Notes in Pyspark
init, stop
Common init setup for SparkSession
import numpy as np
import matplotlib.pyplot as plt
%matplotlib inline
import time
import cPickle as pickle
from pyspark import SparkContext, SparkConf
from pyspark.sql import SparkSession
from pyspark.sql.functions import *
from pyspark.sql.types import *
spark = SparkSession.builder.master('yarn').appName('linziheng:video') \
.config('spark.yarn.queue','userb') \
.config('spark.executor.memory','8g') \
.config('spark.executor.instances','40') \
.config('spark.sql.warehouse.dir','hdfs:///user/userb/linziheng') \ # add this line
.getOrCreate()
Some issue with spark session, spark sql
Known issue in spark 2.0.1 https://issues.apache.org/jira/browse/SPARK-17810 https://issues.apache.org/jira/browse/SPARK-15034 * https://docs.rapidminer.com/latest/radoop/troubleshooting/known-errors.html
we solve it by adding config in spark session builder:
.config('spark.sql.warehouse.dir','hdfs:///user/userb/linziheng')
Stop SparkSession
spark.stop()
Read data
RDD, Dataframe, Dataset
- https://databricks.com/blog/2016/07/14/a-tale-of-three-apache-spark-apis-rdds-dataframes-and-datasets.html
Convert to RDD to get more handle to data
Some issue when parsing csv data
the first row contains some unexpected data -> we solve it by filtering with
df.filter( length( df['timestamp'] ) < 100 )
df_sample = spark.read.option("header", "false").csv('hdfs:///user/userb/linziheng/original_data/result48.tar.gz')
Rename column names
oldColumns = df_sample.schema.names
newColumns = ["timestamp", "userid", "webid", "user_agent", "videoid"]
df_sample = reduce(lambda df, idx: df.withColumnRenamed(oldColumns[idx], newColumns[idx]),
xrange(len(oldColumns)), df)
print df basic info
df.printSchema()
print "row number: " + str( df.count() )
df.show(5)
Output
output as csv
- coalesce(n) means output results in n file
a3.coalesce(1).write.csv('/user/userb/linziheng/cikmToJournal/feature_value_all', header=True)
Convert column to list
l = df.select('colname').rdd.map(lambda row : row[0]).collect()
UDF, UDAF
UDF (user define function) test
from pyspark.sql.functions import udf
from pyspark.sql.types import StringType
def func(i):
return i.strip()
func_udf = udf(func, StringType())
a = df.withColumn("test", func_udf(df.videoid))

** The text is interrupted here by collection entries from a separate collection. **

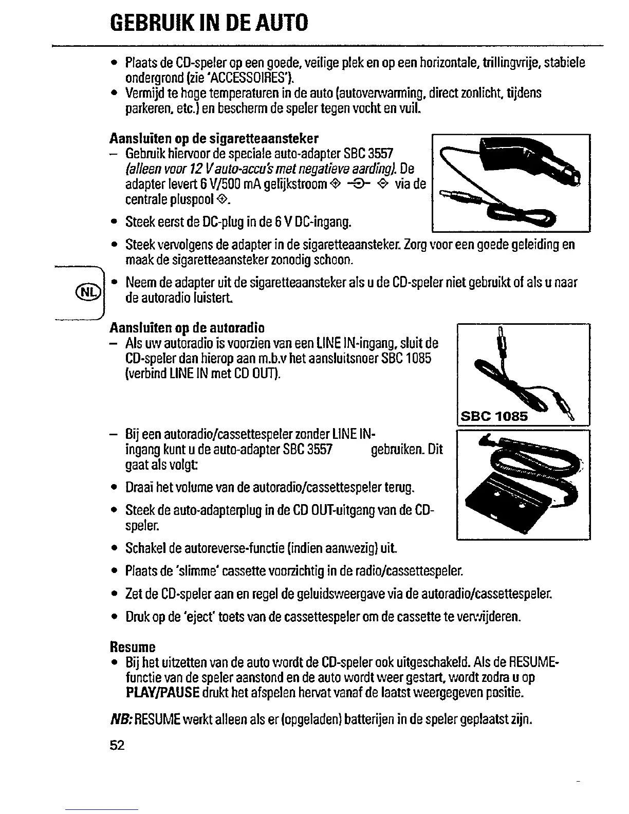 Philips AZ6821 - Using the CD Player in a Car; Car Placement and Safety; Connecting to Car Lighter; Connecting to Car Radio
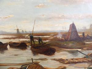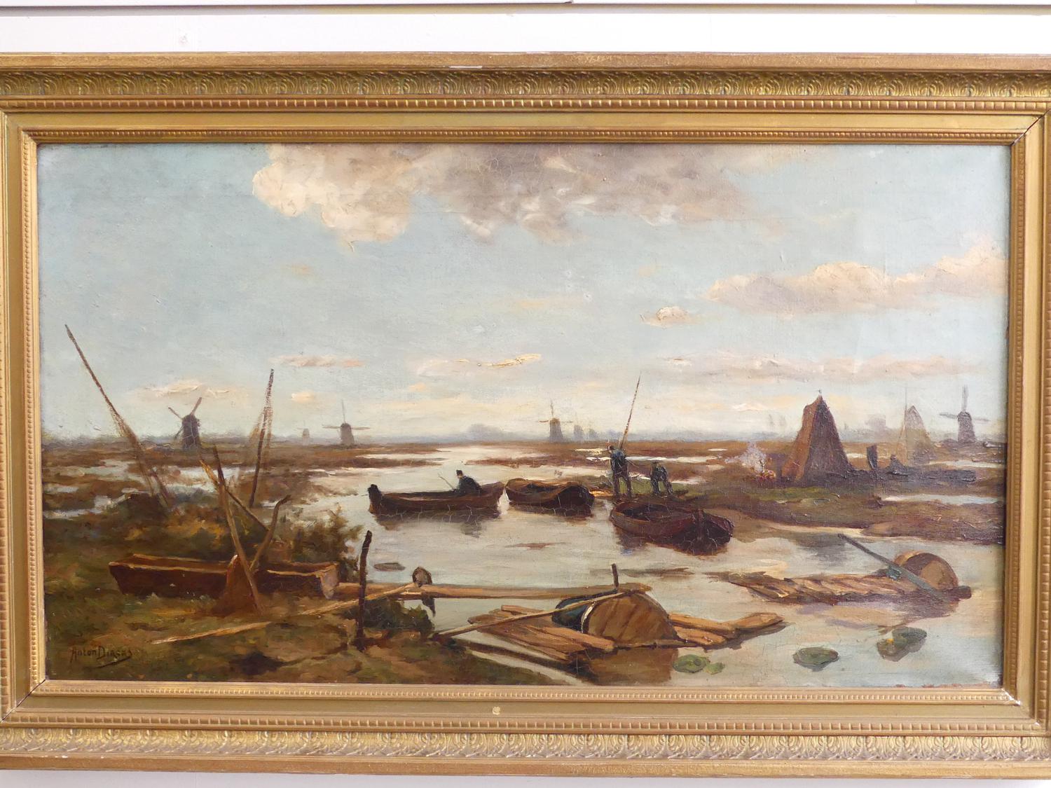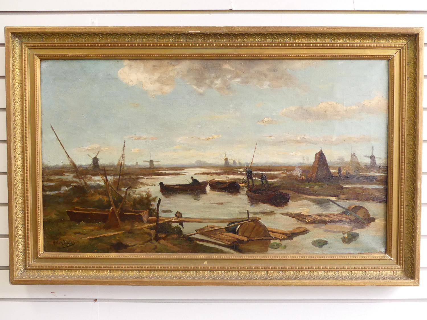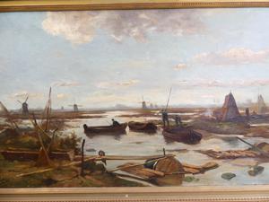 antonius bernardus dirckx(1878-1927), oil on board, 18" x 52", "dutch canal scene"
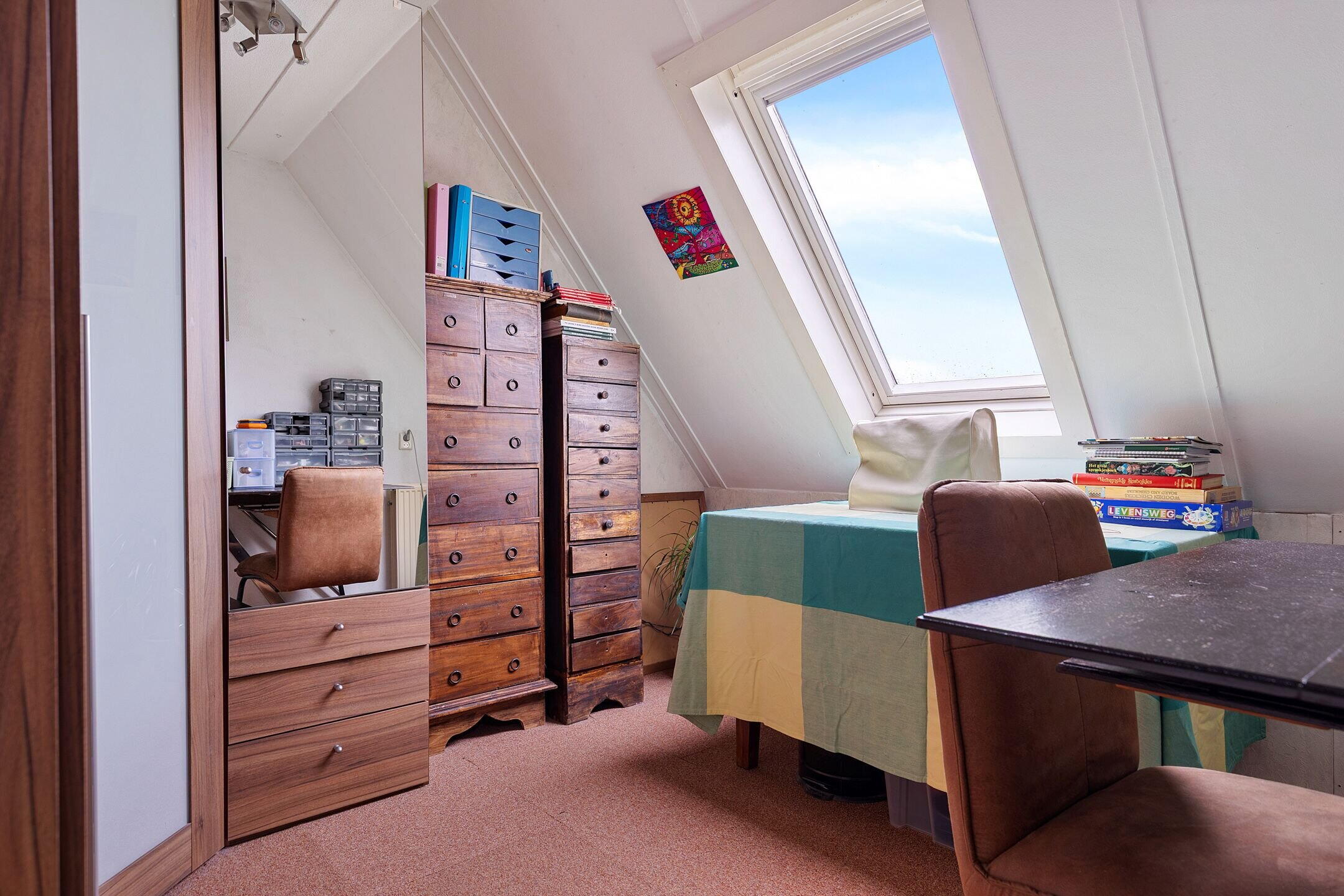 De zolderruimte is voorzien van een dakraam en biedt volop praktische bergruimte.
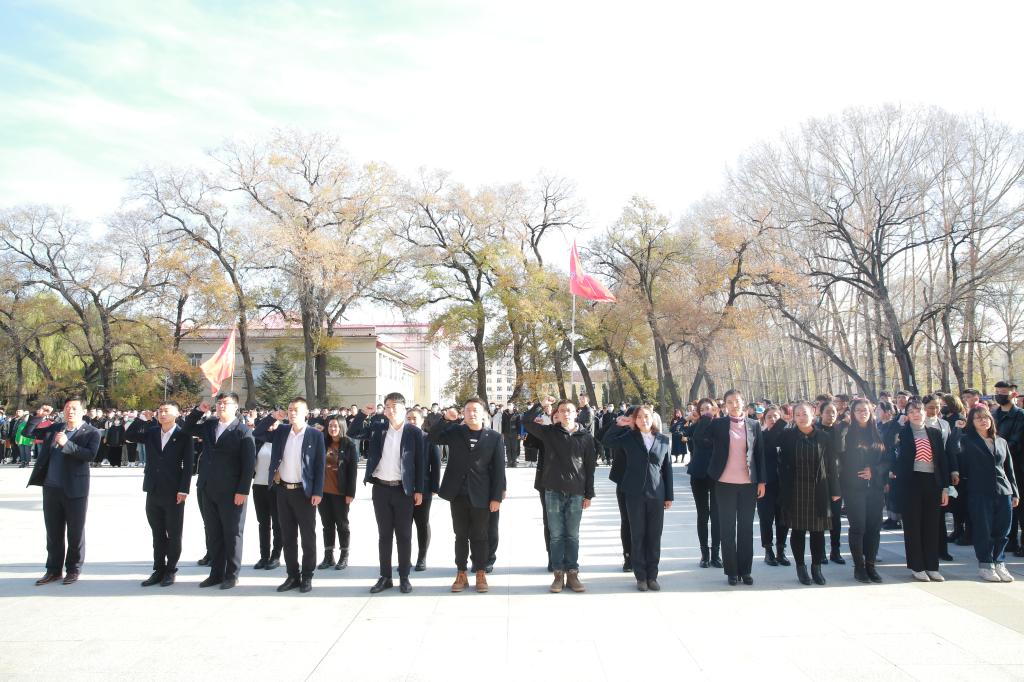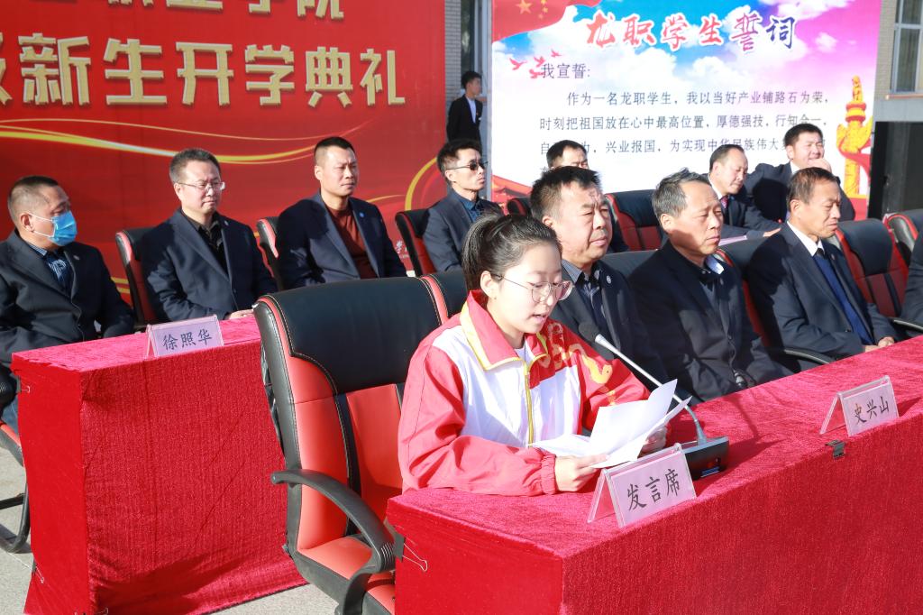 最后,全体新入职教师在食品药品学院教师于满昌领誓下进行“龙职”教工誓词宣誓,全体学生在信息工程学院物网技术2018-01班胡银杰同学领誓下进行“龙职”学生誓词宣誓。

Pyspark cannot use UDAF (user define agg function)
- Problem
- UDAF is not supported in PySpark
- Solution
- collect_list + UDF = UDAF
- https://stackoverflow.com/questions/46187630/how-to-write-pyspark-udaf-on-multiple-columns
- Use
collect_set(col)
andcollect_list(col)
first, then use a UDF
- Use Scala, Java to write UDAF, then import in Python
- collect_list + UDF = UDAF
# example usage
# first: groupby and collect_list
a = df.groupBy(df.userid).agg(count('videoid').alias('records_count'), \
countDistinct('webid').alias('webid_count'), \
collect_list(df.webid).alias('webid_list'), \
collect_list(df.videoid).alias('videoid_list'), \
collect_list(df.unix_timestamp).alias('timestamp_list'))
# then: apply udf to collected list
a2 = a.withColumn('avg_viewing_time_second', calcAvgViewingTime_udf(a.videoid_list, a.timestamp_list)) \
.withColumn('migrate_prob', calcMigrateProb_udf(a.webid_list, a.timestamp_list)) \
.select(['webid_count', 'records_count', 'avg_viewing_time_second', 'migrate_prob'])
Basic spark.sql.functions
unix_timestamp
- http://spark.apache.org/docs/latest/api/python/pyspark.sql.html#pyspark.sql.functions.unix_timestamp
pyspark.sql.functions.unix_timestamp(timestamp=None, format='yyyy-MM-dd HH:mm:ss')
'''
Convert time string with given pattern (‘yyyy-MM-dd HH:mm:ss’, by default) to Unix time stamp (in seconds), using the default timezone and the default locale, return null if fail.
if timestamp is None, then it returns current timestamp.
'''
df = df.withColumn('unix_timestamp', unix_timestamp(df.timestamp, 'yyyy-MM-dd HH:mm:ss'))
substring
- Note: in PySpark, substring is 1-index based
pyspark.sql.functions.substring(str, pos, len)
'''
Substring starts at pos and is of length len when str is String type or returns the slice of byte array that starts at pos in byte and is of length len when str is Binary type
'''
>>> df = spark.createDataFrame([('abcd',)], ['s',])
>>> df.select(substring(df.s, 1, 2).alias('s')).collect()
[Row(s=u'ab')]
df2 = spark.createDataFrame([('abcd',)], ['s',])
df2.show()
df2.select(substring(df2.s, 3, 1).alias('s')).collect()
orderBy
asc, desc
df = df.orderBy( [asc('colname1'), desc('colname2')] )